IFAPP International Federation of Associations of Pharmaceutical Physicians and Pharmaceutical Medicine

The World Medical Association’s Declaration of Helsinki is in the process of being revised. The following amendments are recommended to be incorporated in pursuit of the common goal of promoting health for all.

1. Data-driven research that facilitates broad informed consent and dynamic consent, assuring participant’s rights, and the sharing of individual participant data (IPD) and research results to promote open science and generate social value.
2. Risk minimisation in a placebo-controlled study and post-trial access to the best-proven interventions for all who need them.
3. A future-oriented research framework for co-creation with all the relevant stakeholders.
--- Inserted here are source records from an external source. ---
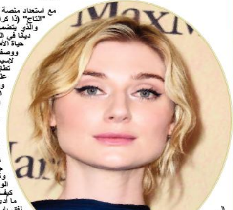
إلى ولم دومينيك من "ذا المشاهد الثقيلة ديانا، وإخبار إبنيه ويذا ويست تصوير شخصية الأمير تشارلز في الموسم الخامس، الذي ركز على فسخ زواج الملك المستقبلي من ديانا، واستمر في تجسيد دور تشارلز بالموسم السادس. وبينما يرض الجزء الأول من الموسم السادس من مسلسل "التاج" واحدة من أملك اللحظات في التاريخ الملكي، قالت ديبيكي إنها تتق بالمبدع بيتر مورغان، و"المخطط العاطفي" الذي وضعه، حيث وضع حدث السيارة جنيا إلى جنب مع "الفرح الحقيقي والسعادة والخفة والعاطفة"، ليقدم متعة حقيقية على الشاشة، في بداية الموسم.

مع استعداد منصة نتفليكس العالمية لعرض الجزء الأول من الموسم الأخير من مسلسل "التاج" (ذا كراون)، المستوحى من حياة العلة الملكية البريطانية، الأسبوع لعقيل، والذي يتضمن وفاة الأميرة ديانا، كشفت التجمة الزيليث بيبيكي، التي تجسد دور ديانا في المسلسل، أن إعادة تمثيل بعض المشاهد المتطفة باللحظات الأخيرة من حياة الأميرة كانت "صعبة جدا".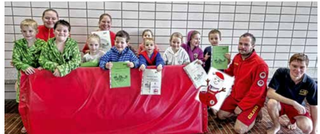
Im Herbst 2025 fanden bereits zwei Anfängerschwimmkurse mit jeweils zehn Teilnehmern statt.

Zum Abschluss der Kurse erhielten bereits einige Teilnehmer ihr Seepferdchen-Abzeichen als Zwischenzeugnis auf dem Weg zum sicheren Schwimmer. Kursleiterin Anna-Katharina Lachenmaier kündigte an, im Frühjahr 2026 weitere Anfängerkurse sowie Angebote für Fortgeschrittene zu organisieren: »Wir wollen das Ziel des sicheren Schwimmers verfolgen.«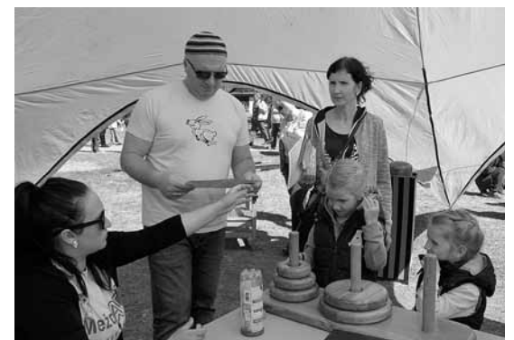
Katrā pieturā jāpaveic uzdevums, lai kartē saņemtu zīmodziņu. Pščenko ģimene tūlīt būs salikusi piramīdas.

Vairāk foto www.kurzemnieks.lv .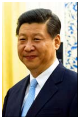
•• وادور-أ ف ب

تطوير القوة العسكرية للصين بعد تكثيف تدريباتها المشتركة في منطقة بحر تايوان في الفترة الماضية. السياسة المتبعة من الإدارة الأمريكية في الوقت الراهن محاولة لاستفزاز الصين، وربما تكرار السيناريو الروسي الأوكراني، بهدف إرباك بكين، وأيضا "تجسيم النفوذ الروسي والصيني"، الولايات المتحدة لا ترغب في تطبيق نظام متعدد الأقطاب، الذي تسعى الصين وروسيا إلى إقراره، بعد سنوات من هيمنة الولايات المتحدة على العالم في نظام أحادي القطب؛ لذلك ستحاول بشكل كبير استفزاز الصين وجرها لمنطقة الصراع.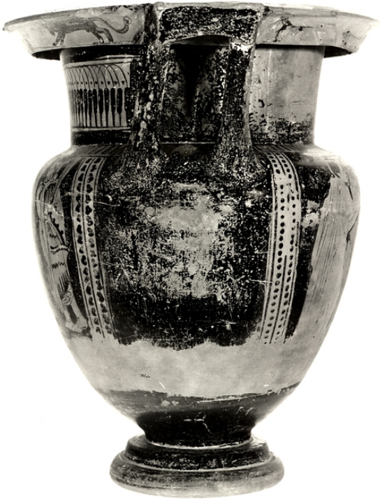
Villaricos, MAN 1935-4-VILL-T39-1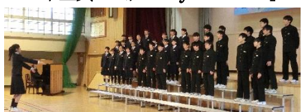
2 年 金 賞 1 組 「消えた八月」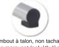
Embout à talon, non tachant, non marquant (polyéthylène).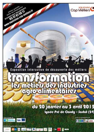
Exposition sur les métiers de l'industrie agroalimentaire Janvier à avril 2015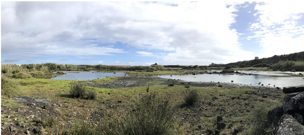
Bild 10 Limikolenrastplatz Cabo da Praia, Terceira (Adrian Jordi)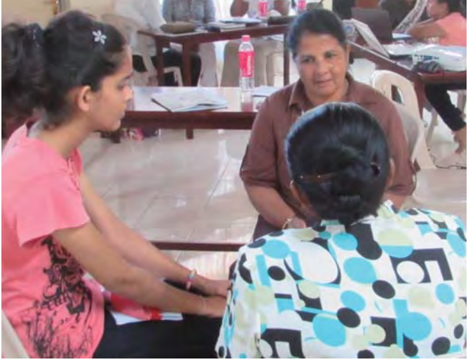
තුන් දෙනෙක් පමණක් සිට කරන හෝසාවේ, තම අදහස් ඉදිරිපත් කරන දයා මහත්මිය

බුදුරජාණන් වහන්සේටත්, අසා සිටි ඔබ සියළුදෙනාටත් බොහොම ස්තූතියි.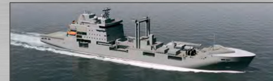
MBV 707 Buques de aprovisionamiento logístico En construcción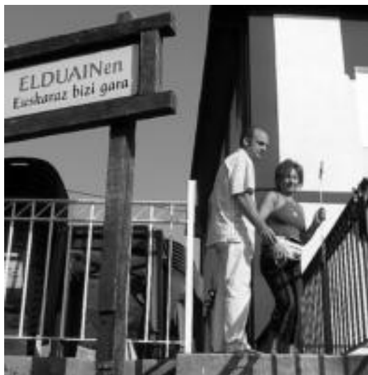
Elduingo alkatea eta kultur zinegotzia, atzo, suziria botatzen.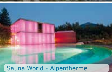
Sauna World - Alpentherme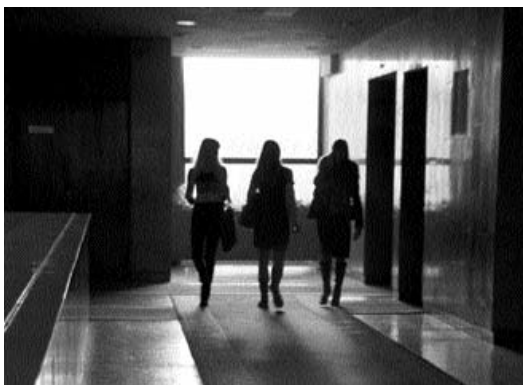
Тільки вони знають свій шлях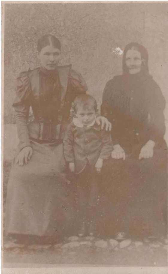
Obrázek 10 Nejstarší foto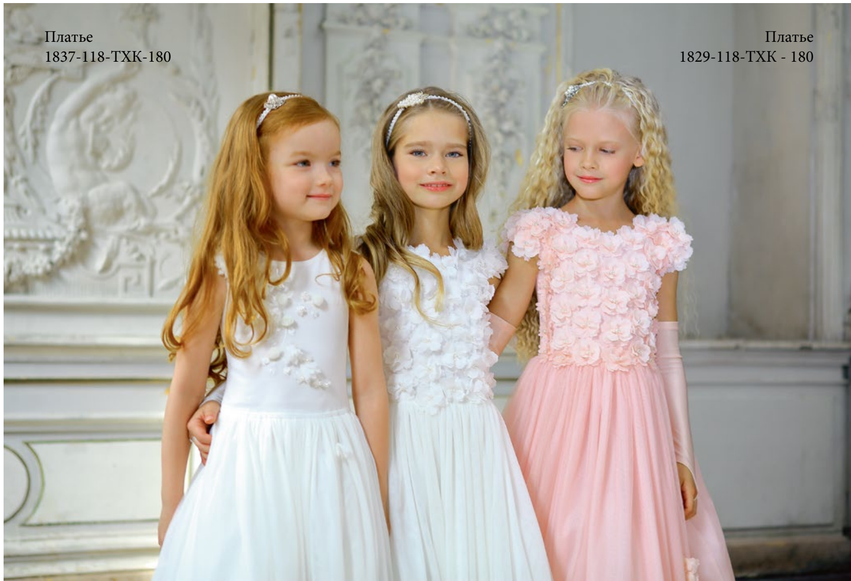
Платъе 1829-118-ТХК - 180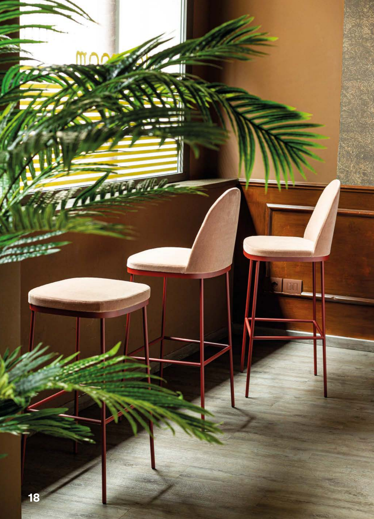
PR1 0FG-1A1 textile: A8529 / base oxidored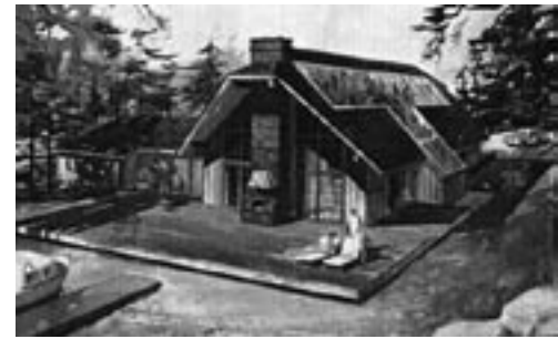
Style: „Recreation/ Vacation“

Unser Verständnis von „Zeit“, der damit verbundene Umgang mit geschichtlicher Architektur, und ihr Zusammenhang mit den Gedanken der oben angesprochenen amerikanischen Diskussion soll im folgenden Anlass zur Formulierung einiger Gedanken sein.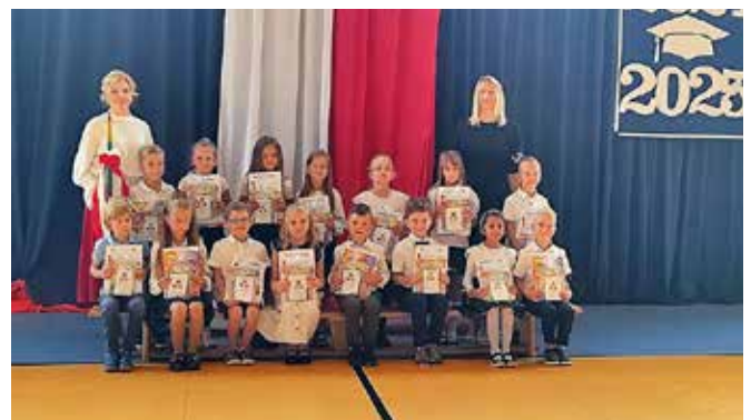
SP Maszewo Duże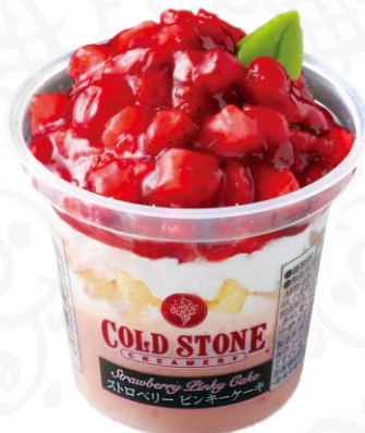
ストロベリーピンキー ケーキ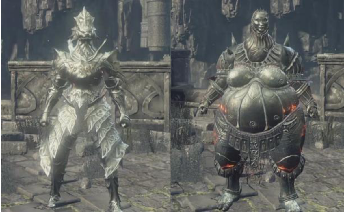
Dark Souls III, 2016, Vydavatelé: FromSoftware, Bandai Namco Entertainment, Vývojáři: From Software, Screenshot ze hry (17.04.2023).

nyní v troskách. Případně mohou představovat aroganci nebo marnivost určitých postav, které lpí na pozůstatcích bohatství a postavení tváří v tvář blížící se zkáze. Celkově řečeno, módní aspekty v těchto hrách přinášejí hloubku a bohatství do herního světa a dávají hráčům vhled do jeho rozmanité historie a kultury.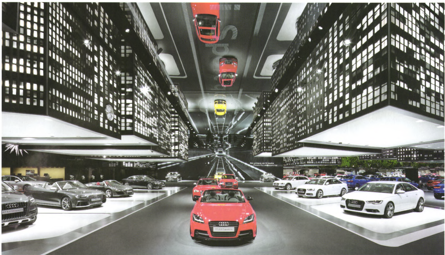
奥迪以“反转城市”为主题

The Declaration of Helsinki (DoH) of the World Medical Association (WMA) (1), first adopted in 1964, is the world’s most widely recognised ethical principle for medical research involving humans. The WMA began the process of revising the DoH in April 2022, from the last version dated 2013. Research involving humans is a core activity in the development of medicines.

For this reason, the authors have discussed the ideal function of the ethical norm of research involving humans, considering our global experience of the COVID-19 pandemic and other disasters, including war situations. The DoH is a fundamental ethical norm, not guidance for specific changing situations. However, as described below, the drastic changes in both global society and the scientific environment over the past decade have posed an acute challenge to this fundamental norm.